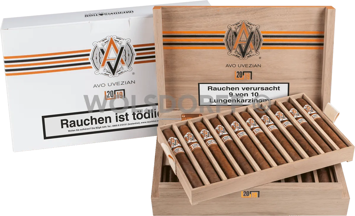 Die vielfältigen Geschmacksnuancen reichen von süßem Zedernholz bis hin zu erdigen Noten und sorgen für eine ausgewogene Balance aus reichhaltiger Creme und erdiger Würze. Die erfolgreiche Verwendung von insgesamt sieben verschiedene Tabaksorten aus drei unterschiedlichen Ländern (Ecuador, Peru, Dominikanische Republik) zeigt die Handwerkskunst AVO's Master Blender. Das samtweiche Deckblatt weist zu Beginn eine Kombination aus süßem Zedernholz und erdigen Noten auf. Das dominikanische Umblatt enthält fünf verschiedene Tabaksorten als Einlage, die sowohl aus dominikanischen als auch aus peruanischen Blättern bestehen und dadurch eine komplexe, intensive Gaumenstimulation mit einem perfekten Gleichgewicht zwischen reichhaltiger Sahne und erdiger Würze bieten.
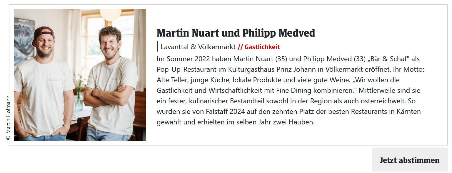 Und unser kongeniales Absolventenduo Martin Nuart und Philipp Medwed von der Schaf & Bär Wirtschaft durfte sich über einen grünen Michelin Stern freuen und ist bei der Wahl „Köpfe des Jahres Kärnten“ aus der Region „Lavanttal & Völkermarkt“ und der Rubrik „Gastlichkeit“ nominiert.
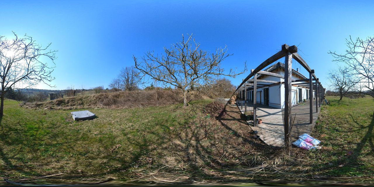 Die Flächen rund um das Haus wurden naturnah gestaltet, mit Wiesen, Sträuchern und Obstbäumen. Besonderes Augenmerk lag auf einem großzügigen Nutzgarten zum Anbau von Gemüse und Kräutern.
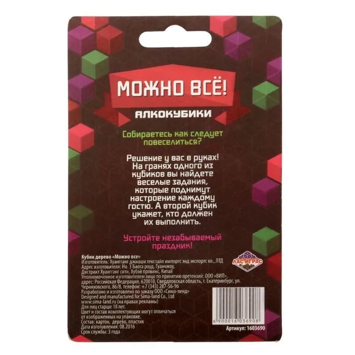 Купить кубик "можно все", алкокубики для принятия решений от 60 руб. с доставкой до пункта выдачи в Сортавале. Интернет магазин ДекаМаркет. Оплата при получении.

● TASK INSTRUCTIONS:
From the first line of the material to the last, retype everything exactly except the images.

● RESPONSE AREA:
 Die vielfältigen Geschmacksnuancen reichen von süßem Zedernholz bis hin zu erdigen Noten und sorgen für eine ausgewogene Balance aus reichhaltiger Creme und erdiger Würze. Die erfolgreiche Verwendung von insgesamt sieben verschiedene Tabaksorten aus drei unterschiedlichen Ländern (Ecuador, Peru, Dominikanische Republik) zeigt die Handwerkskunst AVO's Master Blender. Das samtweiche Deckblatt weist zu Beginn eine Kombination aus süßem Zedernholz und erdigen Noten auf. Das dominikanische Umblatt enthält fünf verschiedene Tabaksorten als Einlage, die sowohl aus dominikanischen als auch aus peruanischen Blättern bestehen und dadurch eine komplexe, intensive Gaumenstimulation mit einem perfekten Gleichgewicht zwischen reichhaltiger Sahne und erdiger Würze bieten.
 Und unser kongeniales Absolventenduo Martin Nuart und Philipp Medwed von der Schaf & Bär Wirtschaft durfte sich über einen grünen Michelin Stern freuen und ist bei der Wahl „Köpfe des Jahres Kärnten“ aus der Region „Lavanttal & Völkermarkt“ und der Rubrik „Gastlichkeit“ nominiert.
 Die Flächen rund um das Haus wurden naturnah gestaltet, mit Wiesen, Sträuchern und Obstbäumen. Besonderes Augenmerk lag auf einem großzügigen Nutzgarten zum Anbau von Gemüse und Kräutern.
 Купить кубик "можно все", алкокубики для принятия решений от 60 руб. с доставкой до пункта выдачи в Сортавале. Интернет магазин ДекаМаркет. Оплата при получении.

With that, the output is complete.